Right now, approximately half of the DeskClock app’s Java files have been converted to Kotlin. We’ve replaced 15,886 lines of Java code with an equivalent 15,240 lines of Kotlin code. The conversion of these Java files took roughly one month of engineering to complete. Through this Kotlin conversion process, as well as this article, the AOSP DeskClock app is better able to fulfill its goal of being an example for Android development best practices.

After converting roughly half of the DeskClock app to Kotlin, we’re already seeing benefits in the number of lines of code to do equivalent work. The total number of lines of code has dropped from 15,886 to 15,240, representing a ~5% decrease. While this is not a tremendous decrease so far, it is expected that as more Java files are converted to Kotlin, some additional boilerplate code can be removed, as the Kotlin files have less interaction with Java files.

We also examined the differences in build times and APK size between the original Java app and the half-converted app. The APK size of the partially converted Kotlin app was 6237217 bytes, compared to 6117353 bytes for the original Java app’s APK size. This very slight size increase, approximately 2%, shows that the introduction of Kotlin to the app did not dramatically affect the APK size.

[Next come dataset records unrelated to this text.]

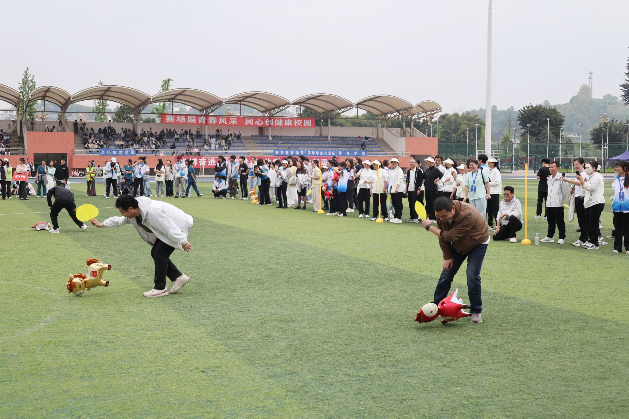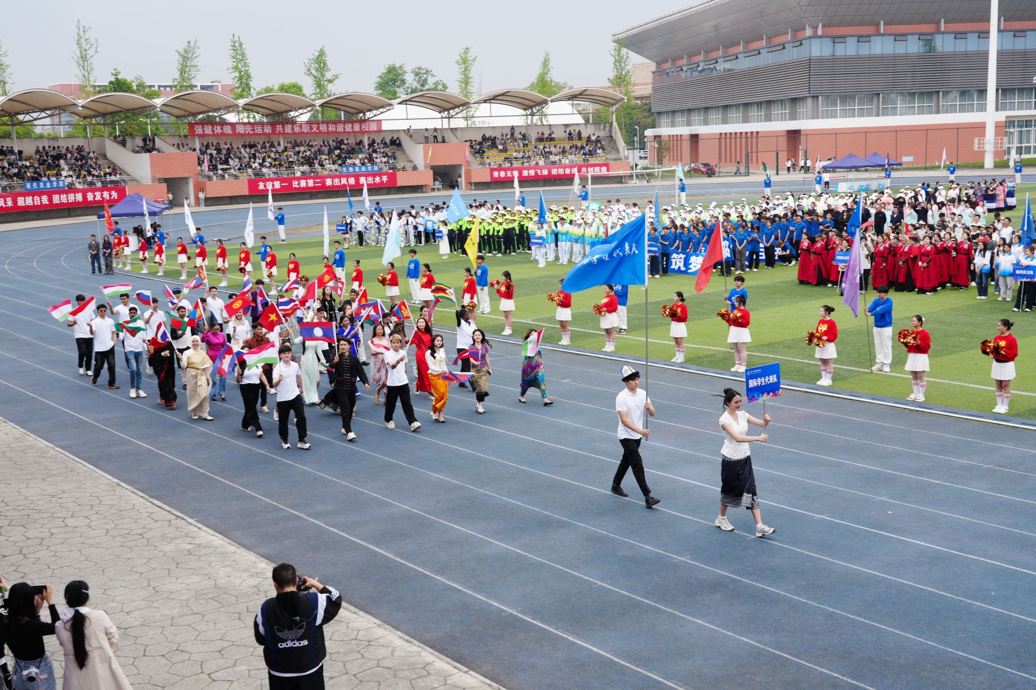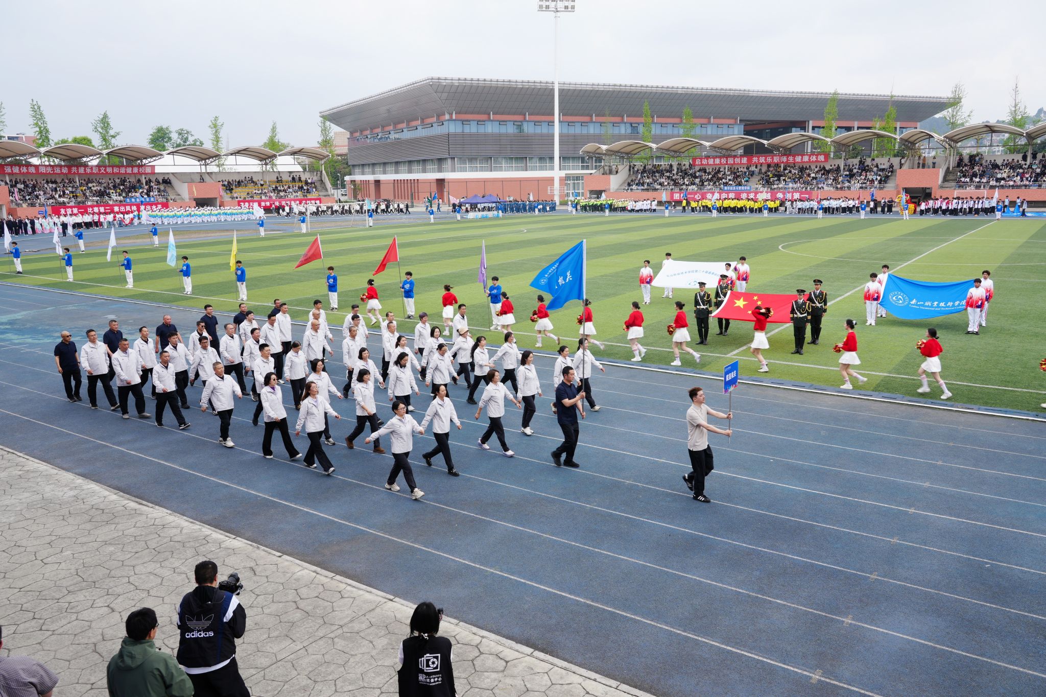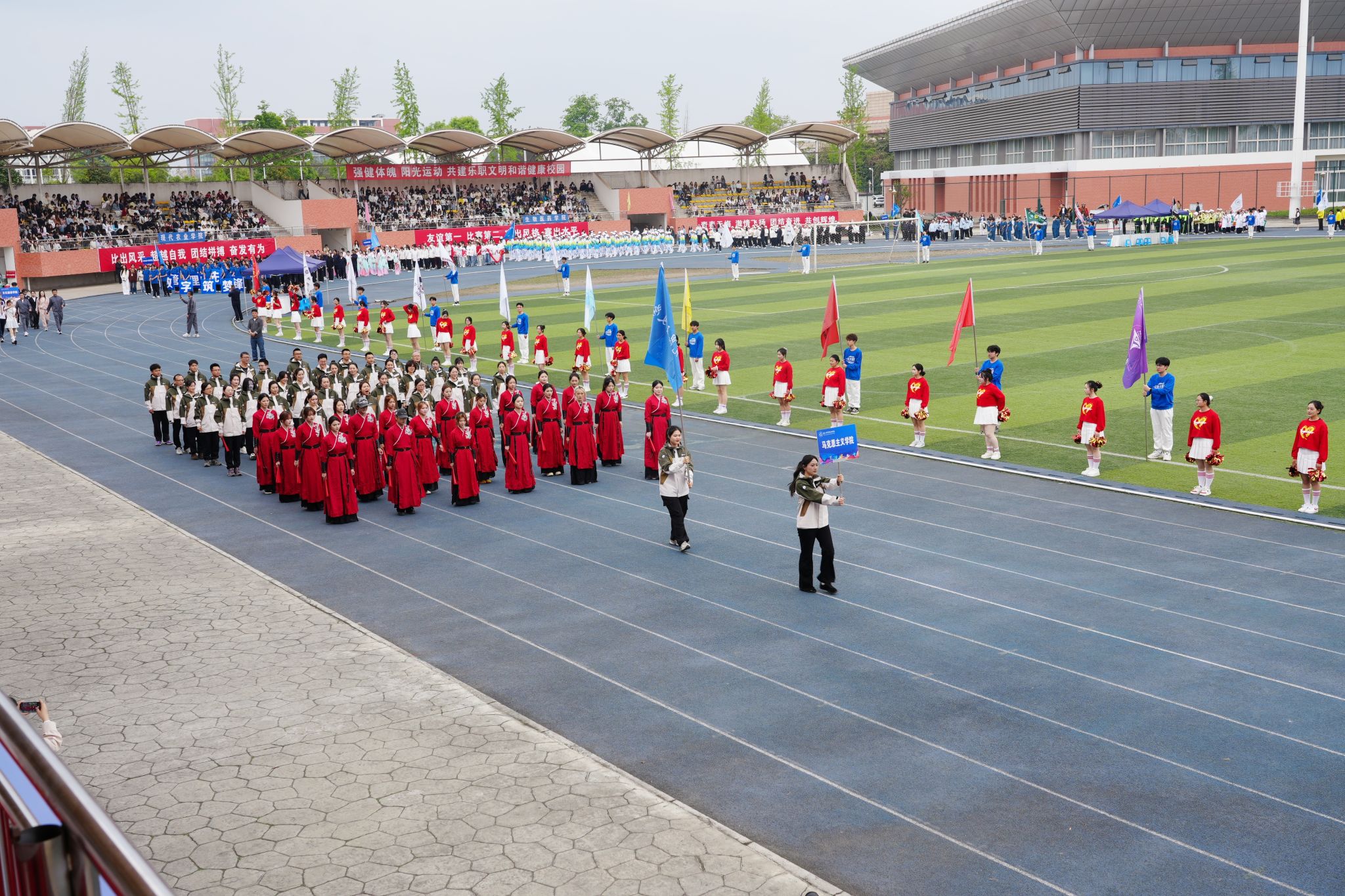 在激昂的《运动员进行曲》中,各方阵精神饱满、依次亮相:裁判员方队公正严谨、护航赛事;机关代表队服务师生、昂扬进取。马克思主义学院师生同心、铸魂育人;文化旅游学院彰显文旅担当,助力地方发展;数字经济与管理学院笃行实干、奋勇争先;生物医药学院中西相融、朝气蓬勃;护理康养学院七十余载薪火相传,医者仁心与非遗传承并举;医学学院白衣执甲、守护安康;现代农业学院扎根乡土、强农兴农;新能源与材料学院传承创新、科技向绿;智能制造学院精工致新、屡创佳绩;体育学院意气风发、勇攀高峰;人工智能学院以智逐梦、活力四射;素质教育学院中外携手、以文化人;国际学生代表队多元交融、尽展开放办学风采。 入场完毕,全场肃立,升国旗、奏唱国歌,庄严神圣。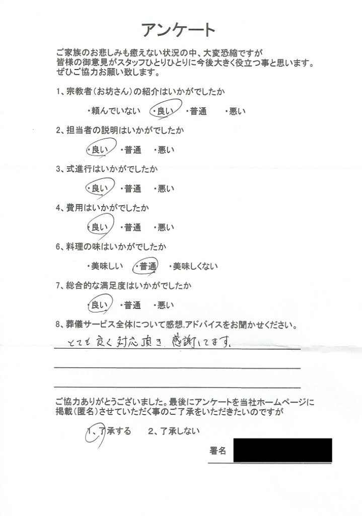 献体葬にてご葬儀 埼玉県所沢市のお客様より葬儀後アンケートいただきました。 -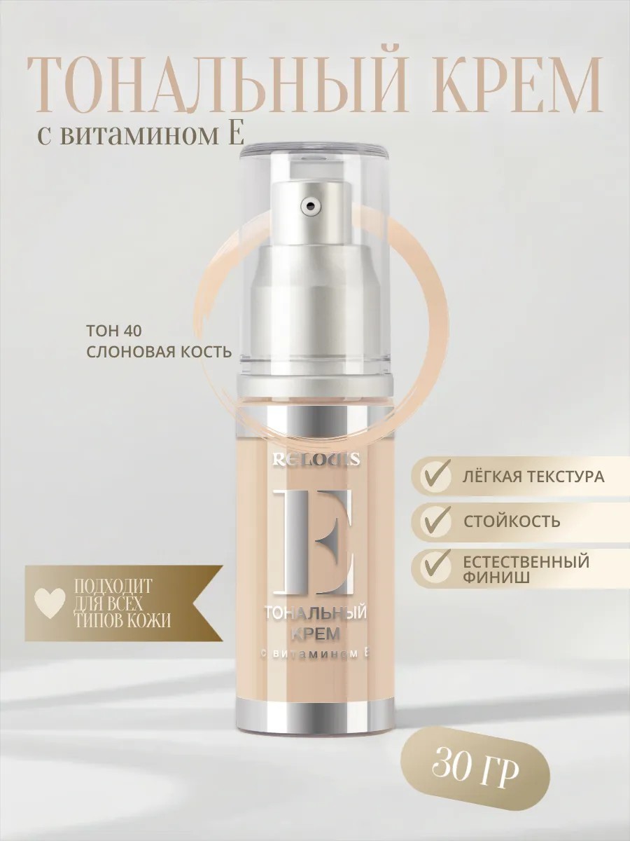 ТОНАЛЬНЫЙ КРЕМ С ВИТАМИНОМ Е. Свойства безупречного тонального средства на каждый день. Крем имеет лёгкую пластичную текстуру, улучшенную стойкость и хорошую кроющую способность, при этом обеспечивает идеальный естественный финиш. Витамин Е известен своими антиоксидантными свойствами и способствует улучшению защитной функции кожи. Без отдушки. Подходит для всех типов кожи. В обновлённой гамме представлены 4 универсальных оттенка.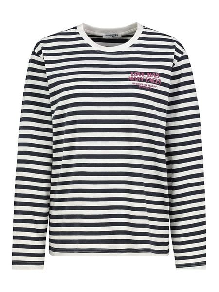 – czysta bawełna- dekolt: okrągły- krój: luźny- nadruk: w formie napisu- wzór: paski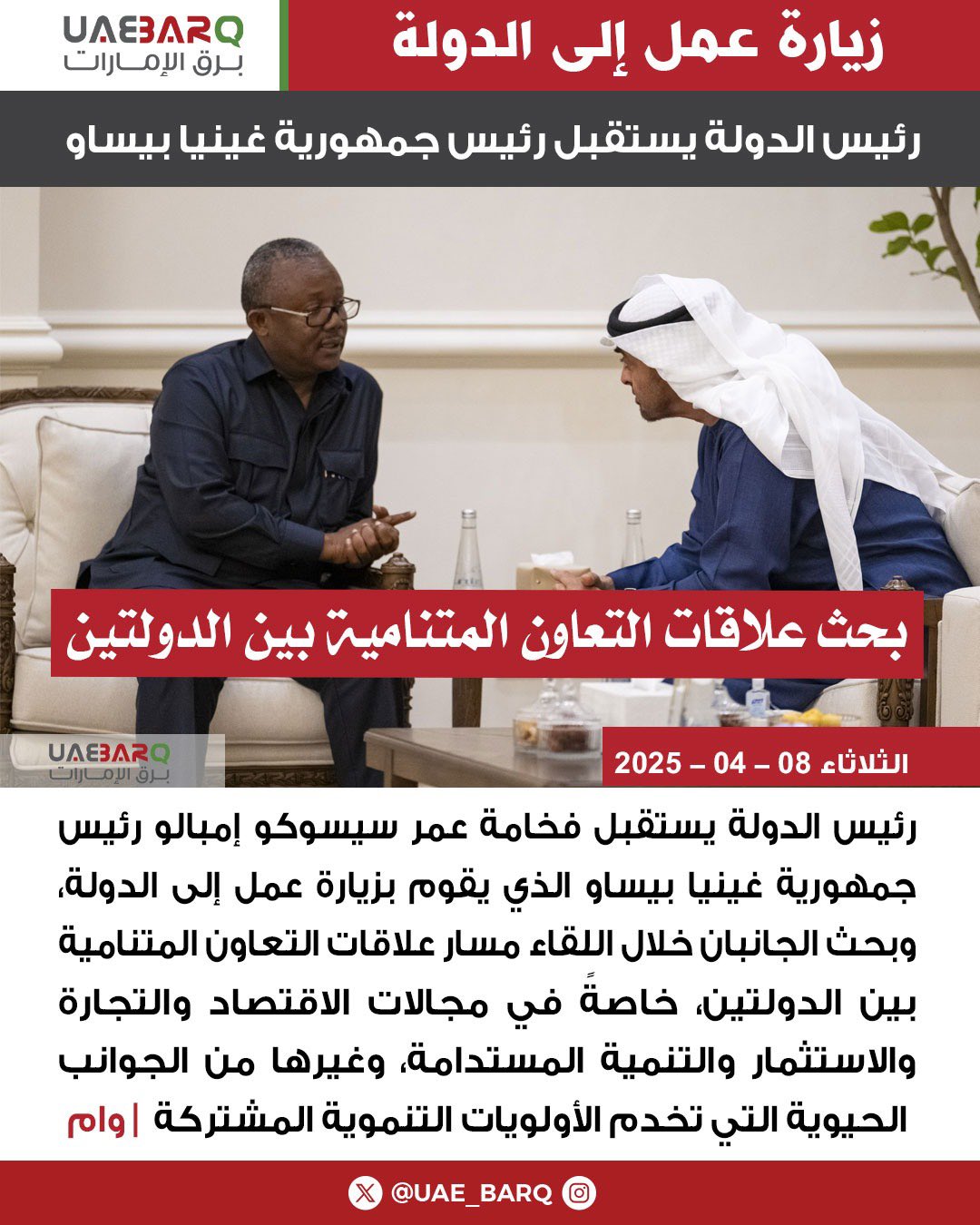 رئيس الدولة يستقبل رئيس جمهورية غينيا بيساو | وام

When looking at the change in build times between these two versions of the app, the Java app had an average build time of ~33 seconds, whereas the partially-converted Kotlin app had an average build time of ~57 seconds. These build times were both recorded while performing clean builds with no previously compiled class files on a 48 core machine with 128 GB of RAM.

In addition to the results found from the conversion of the DeskClock app, other developers have similarly seen benefits from converting to Kotlin. Duolingo completed a full Kotlin migration of their app and reduced their line count by 30%. As well, the Google Home app began incorporating Kotlin into their codebase, reducing their NullPointerExceptions by 33%. 70% of the top 1k apps include Kotlin code, as well, and 60% of professional Android developers use Kotlin.

Next Steps

To learn more about the Java to Kotlin conversion process for Android, check out the Get Started with Kotlin on Android documentation or the Kotlin for Java Developers Pathway. If you’d like to look at the codebase, you can check out the AOSP source code by following the Downloading the Source documentation.